Registered Member #162
Joined: Mon Feb 13 2006, 10:25AM
Location: United Kingdom
Posts: 3140
I guess; 1) energy density with present technologies capacitors can store much more energy per unit volume than inductors 2) cost of metal required for a given energy storage 3) inductance, capacitors can release huge discharge currents, the current from an inductor is the same as the charging current just before discharge
A compulsator stores enormous amounts of inertial energy in a rotating mass and releases the energy rapidly via rotating magnets & coils, a kind of inductive storage.
Registered Member #2906
Joined: Sun Jun 06 2010, 02:20AM
Location: Dresden, Germany
Posts: 727
Its just not practical. Voltage can be stored without loss. Magnetic fields must be sustained by a circulating current which generates powerdisipation over ESR in the loop which is allways present. Voltage alone does never disipate power. Current does.
Registered Member #4266
Joined: Fri Dec 16 2011, 03:15AM
Location:
Posts: 874
That compulsaltor like interesting and along the lines im think I might have to heed.
Having continuous current throught it is a down side.
Done some back of the envolpe, a 12 volt 100 amphour battery as the same energy storage as 250 amp 138 Henery coil, which apart from being large could be doable.
Registered Member #72
Joined: Thu Feb 09 2006, 08:29AM
Location: UK St.

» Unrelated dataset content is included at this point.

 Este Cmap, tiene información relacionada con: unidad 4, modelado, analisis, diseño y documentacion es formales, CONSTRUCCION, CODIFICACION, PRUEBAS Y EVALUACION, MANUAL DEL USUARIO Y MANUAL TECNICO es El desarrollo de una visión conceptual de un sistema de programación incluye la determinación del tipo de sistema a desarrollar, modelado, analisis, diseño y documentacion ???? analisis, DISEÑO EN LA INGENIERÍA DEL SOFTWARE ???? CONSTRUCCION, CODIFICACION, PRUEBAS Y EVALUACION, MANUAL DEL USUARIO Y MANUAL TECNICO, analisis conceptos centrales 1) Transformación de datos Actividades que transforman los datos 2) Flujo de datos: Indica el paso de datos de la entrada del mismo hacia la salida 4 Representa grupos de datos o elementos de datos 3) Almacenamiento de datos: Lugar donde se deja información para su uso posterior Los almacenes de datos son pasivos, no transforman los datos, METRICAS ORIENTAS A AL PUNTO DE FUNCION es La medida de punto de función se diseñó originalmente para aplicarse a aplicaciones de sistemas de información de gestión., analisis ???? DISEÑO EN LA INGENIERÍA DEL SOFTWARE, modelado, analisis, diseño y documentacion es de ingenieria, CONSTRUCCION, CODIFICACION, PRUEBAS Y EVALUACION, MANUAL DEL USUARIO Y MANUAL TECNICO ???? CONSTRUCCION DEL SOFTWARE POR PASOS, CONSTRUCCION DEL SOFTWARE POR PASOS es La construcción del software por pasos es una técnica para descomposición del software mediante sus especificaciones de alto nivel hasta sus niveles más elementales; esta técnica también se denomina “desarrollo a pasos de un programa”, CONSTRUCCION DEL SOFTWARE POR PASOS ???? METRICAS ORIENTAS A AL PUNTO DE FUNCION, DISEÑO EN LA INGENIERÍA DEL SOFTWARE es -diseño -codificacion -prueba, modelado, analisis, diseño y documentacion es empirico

Albans
Posts: 1659
Inductors can have a much higher energy density than capacitors, but nothing like the power. Look up Sandia's 1MV 1MA transmission line water dielectric capacitors. One reason the water was cooled and ultra-pure was to lower the leakage, so increase the storage time, which made it possible to charge them from slow storage inductors rather than the more expensive and bigger storage capacitors.
Registered Member #54278
Joined: Sat Jan 17 2015, 04:42AM
Location: Amite, La.
Posts: 367
Inductors certainly are able to store much energy, E=(1/2)L(I^2) joules. Here is where I find the idea interesting: For a capacitor it would be difficult to 'get at' the internal electric field (where the energy is stored) but, since an inductor's energy resides in it's magnetic field WHICH is out in the open you have 'easy access'. Do you have any specific energy extracting technique in mind?
Registered Member #42796
Joined: Mon Jan 13 2014, 06:34PM
Location:
Posts: 195
to store energy for long time in an inductor you need zero resistance in the wires so as long as superconductors are expensive and far bigger than a capacitor it will not be used
Registered Member #11591
Joined: Wed Mar 20 2013, 08:20PM
Location: UK
Posts: 556
Andy wrote ...
That compulsaltor like interesting and along the lines im think I might have to heed.

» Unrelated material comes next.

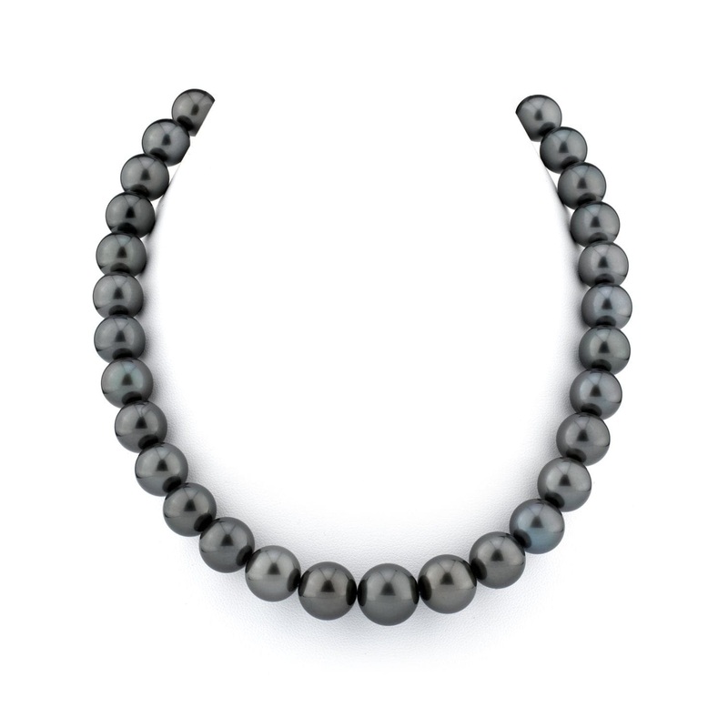 Picture yourself wearing a radiant necklace that captures the essence of sophistication. This piece features shimmering dark silver and steel overtones with hints of peacock, showcasing a stunning array of Tahitian pearls. Each pearl is perfectly round and beautifully matched, graduating from 11.0 to 13.0mm. You’ll appreciate the sharp, crisp luster against the naturally colored dark charcoal grey body. The necklace is delicately double-knotted on matching black silk and finished with an 18K gold clasp, offering a touch of elegance to your ensemble.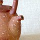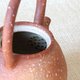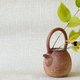 这种盛汤器皿是在陶轮上用含有长石的粗信乐粘土精心制作的。信乐烧特有的猩红色是使用气窑烧制而成的。由于是在高温下烧制的,黏土中嵌入的粗石会溶解并浮出表面。每块石的表面都经过手工抛光,达到光滑的表面,以便舒适地握在手中。壶内施有釉,并精心钻有用于滤茶的细孔。倒出非常方便,水流极佳。盖子也完美贴合。此倒酒器由于壶柄与壶身为一体,制作难度极高,是珍贵的艺术品,但产量却很少。

Having continuous current throught it is a down side.
Done some back of the envolpe, a 12 volt 100 amphour battery as the same energy storage as 250 amp 138 Henery coil, which apart from being large could be doable.
A coil that could take 250 Amp and be 138 Henries would be the size of a house: 138 Henry coils do exist, however they are only rated to milliamps, because they have so many turns, the wire size needs to be small.